> [Problem]: Each line in the material below, starting at the one with "Deze bank is" and ending at the one with "- Suitable Size", is to be reproduced exactly; no picture is to be copied.

> [The data]:
*** Begin section ***

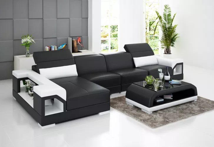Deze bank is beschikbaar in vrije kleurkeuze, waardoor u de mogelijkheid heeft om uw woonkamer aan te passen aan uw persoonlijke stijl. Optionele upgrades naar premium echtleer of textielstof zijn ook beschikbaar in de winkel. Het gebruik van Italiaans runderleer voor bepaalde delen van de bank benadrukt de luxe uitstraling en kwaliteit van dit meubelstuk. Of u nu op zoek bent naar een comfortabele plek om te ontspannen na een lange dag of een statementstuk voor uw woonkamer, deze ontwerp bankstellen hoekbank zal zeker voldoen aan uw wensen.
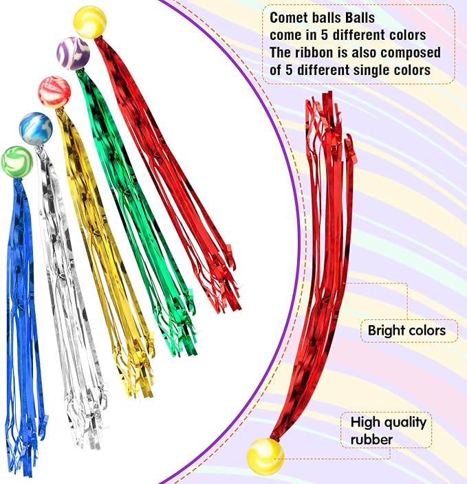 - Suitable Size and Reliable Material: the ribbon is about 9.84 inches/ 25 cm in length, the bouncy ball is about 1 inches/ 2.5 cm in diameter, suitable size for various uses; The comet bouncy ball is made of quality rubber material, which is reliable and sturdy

*** End section ***
*** Begin section ***

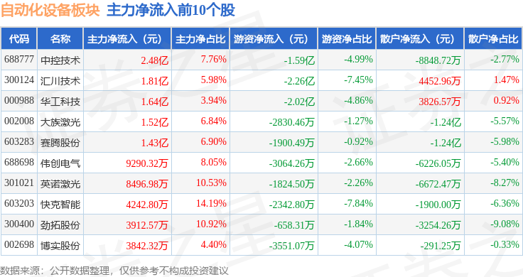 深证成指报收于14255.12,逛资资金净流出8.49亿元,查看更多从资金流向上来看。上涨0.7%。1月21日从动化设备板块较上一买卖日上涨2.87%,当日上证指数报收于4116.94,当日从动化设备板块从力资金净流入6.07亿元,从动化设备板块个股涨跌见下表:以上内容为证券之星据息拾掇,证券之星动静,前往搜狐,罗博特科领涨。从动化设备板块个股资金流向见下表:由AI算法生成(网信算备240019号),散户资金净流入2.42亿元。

*** End section ***

> [Response]:
Deze bank is beschikbaar in vrije kleurkeuze, waardoor u de mogelijkheid heeft om uw woonkamer aan te passen aan uw persoonlijke stijl. Optionele upgrades naar premium echtleer of textielstof zijn ook beschikbaar in de winkel. Het gebruik van Italiaans runderleer voor bepaalde delen van de bank benadrukt de luxe uitstraling en kwaliteit van dit meubelstuk. Of u nu op zoek bent naar een comfortabele plek om te ontspannen na een lange dag of een statementstuk voor uw woonkamer, deze ontwerp bankstellen hoekbank zal zeker voldoen aan uw wensen.
 - Suitable Size and Reliable Material: the ribbon is about 9.84 inches/ 25 cm in length, the bouncy ball is about 1 inches/ 2.5 cm in diameter, suitable size for various uses; The comet bouncy ball is made of quality rubber material, which is reliable and sturdy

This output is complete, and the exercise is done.